IMG_6471 (1)In fact when we eventually got back to the boat that evening, the wind had been blowing from the NE for a while and there was a swell in the bay making Milo rock and roll. It was much worse than being at sea in a gale. At least at sea the wind keeps the boat listed one way and you pitch through the waves. Here it was pitching both ways, which was nauseating – literally. We were worried our anchor would drag and leave us blown against the rocks in the night, so I set out a back up kedge anchor just in case and arranged for Ros and I to have 3 hourly watches each throughout the night. I took the first watch and kept taking bearings of my landmarks. The spring tide came up remarkably high rising 7.2 metres and covered the landing stage.
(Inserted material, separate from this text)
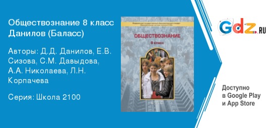 «ГДЗ по обществознанию за 8 класс Д.Д. Данилов, Е.В. Сизова, С.М. Давыдова, А.А. Николаева, Л.Н. Корпачева (Баласс)» становится все популярнее среди современных школьников, все это благодаря таким преимуществам, как: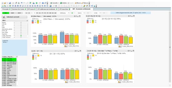 Figure 7 shows the indicators for two different departments during a specific week. The left and top sections contain filters that allow for customisation of the display based on each request. Figure 8 demonstrates the variation of all indicators in two machines during the selected weeks:

As our anchor was only 20m long and I’d anchored at low tide in 2m – I only had a ratio of 2:1 of length to depth – normally it is recommended to have 3:1. I was in the middle of these complicated calculations as something to do on my watch, when I suddenly realised I had technology on board to fix my position within +5m – my GPS. I switched it on, waited for a while for it to find enough satellites and, hey-presto, a fix. It was within metres of where I’d first moored – why was I worrying? It was near the end of my watch but I decided, after padding the crockery with matting to stop it rattling around, not to wake Ros for her watch, got ready for bed and slept really soundly until 6am. We woke to sunshine in an idyllic spot, but somehow the traumas of the night had brought a more sinister aspect and it had lost some of its romance, so it was agreed “to get the hell out of here”.